Русские писатели ХХ века от Бунина до Шукшина: учебное пособие - Быкова Ольга Петровна. Страница 11
Но правда выше жалости, и, ведь, не про себя я рассказываю, а про тот тесный, душный круг жутких впечатлений, в котором жил – да и по сей день живет – простой русский человек.
Дом деда был наполнен горячим туманом взаимной вражды всех со всеми; она отравляла взрослых, и даже дети принимали в ней горячее участие. Впоследствии из рассказов бабушки я узнал, что мать приехала как раз в те дни, когда ее братья настойчиво требовали у отца раздел имущества. Неожиданное возвращение матери еще больше обострило и усилило их желание выделиться. Они боялись, что моя мать потребует приданого, назначенного ей, но удержанного дедом, потому что она вышла замуж «самокруткой», против его воли. Дядья считали, что это приданое должно быть поделено между ними. Они тоже давно и жестоко спорили друг с другом о том, кому открыть мастерскую в городе, кому – за Окой, в слободе Кунавине.
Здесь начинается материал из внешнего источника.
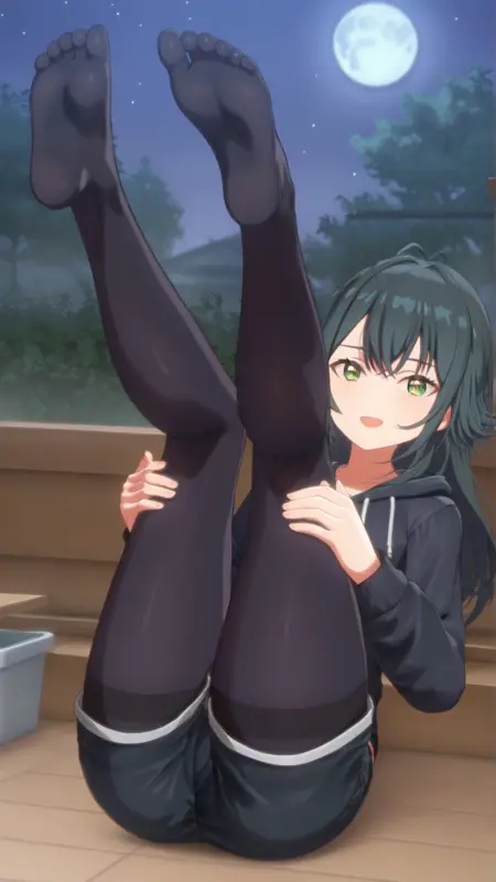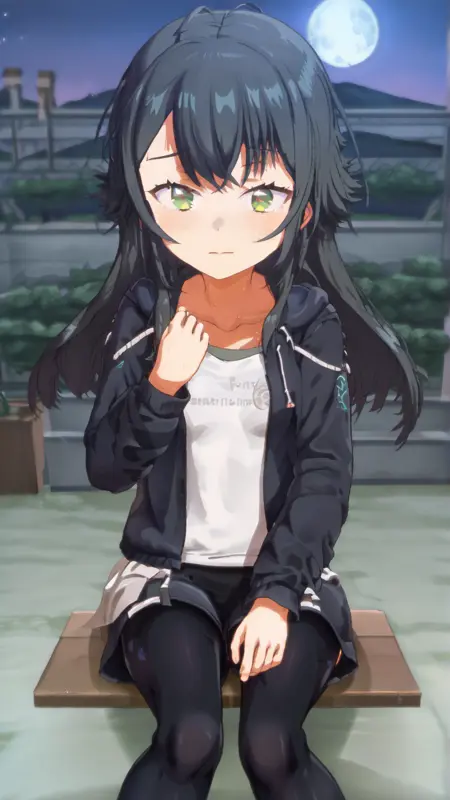 tsukimura_temari_sportswear, tsukimura_temari, 1girl, black hair, jacket, leggings, long hair, pants, shirt, shoes, solo

Уже вскоре после приезда, в кухне, во время обеда, вспыхнула ссора: дядья внезапно вскочили на ноги и, перегибаясь через стол, стали выть и кричать на дедушку, жалобно скаля зубы и встряхиваясь, как собаки, а дед, стуча ложкой по столу, покраснел весь и звонко – петухом – закричал:
– По миру пущу!
Болезненно искривив лицо, бабушка говорила:
– Отдай им все, отец, – спокойней тебе будет, отдай!
– Цыц, потатчица! – кричал дед, сверкая глазами, и было странно, что, маленький такой, он может кричать столь оглушительно.
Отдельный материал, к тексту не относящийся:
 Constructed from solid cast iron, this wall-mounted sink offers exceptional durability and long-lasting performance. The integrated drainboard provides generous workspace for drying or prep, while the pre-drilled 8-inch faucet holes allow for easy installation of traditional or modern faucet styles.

Мать встала из-за стола и, не торопясь отойдя к окну, повернулась ко всем спиною.
Вдруг дядя Михаил ударил брата наотмашь по лицу; тот взвыл, сцепился с ним, и оба покатились по полу, хрипя, охая, ругаясь.
Заплакали дети; отчаянно закричала беременная тетка Наталья; моя мать потащила ее куда-то, взяв в охапку; веселая, рябая нянька Евгенья выгоняла из кухни детей; падали стулья; молодой широкоплечий подмастерье Цыганок сел верхом на спину дяди Михаила, а мастер Григорий Иванович, плешивый, бородатый человек в темных очках, спокойно связывал руки дяди полотенцем.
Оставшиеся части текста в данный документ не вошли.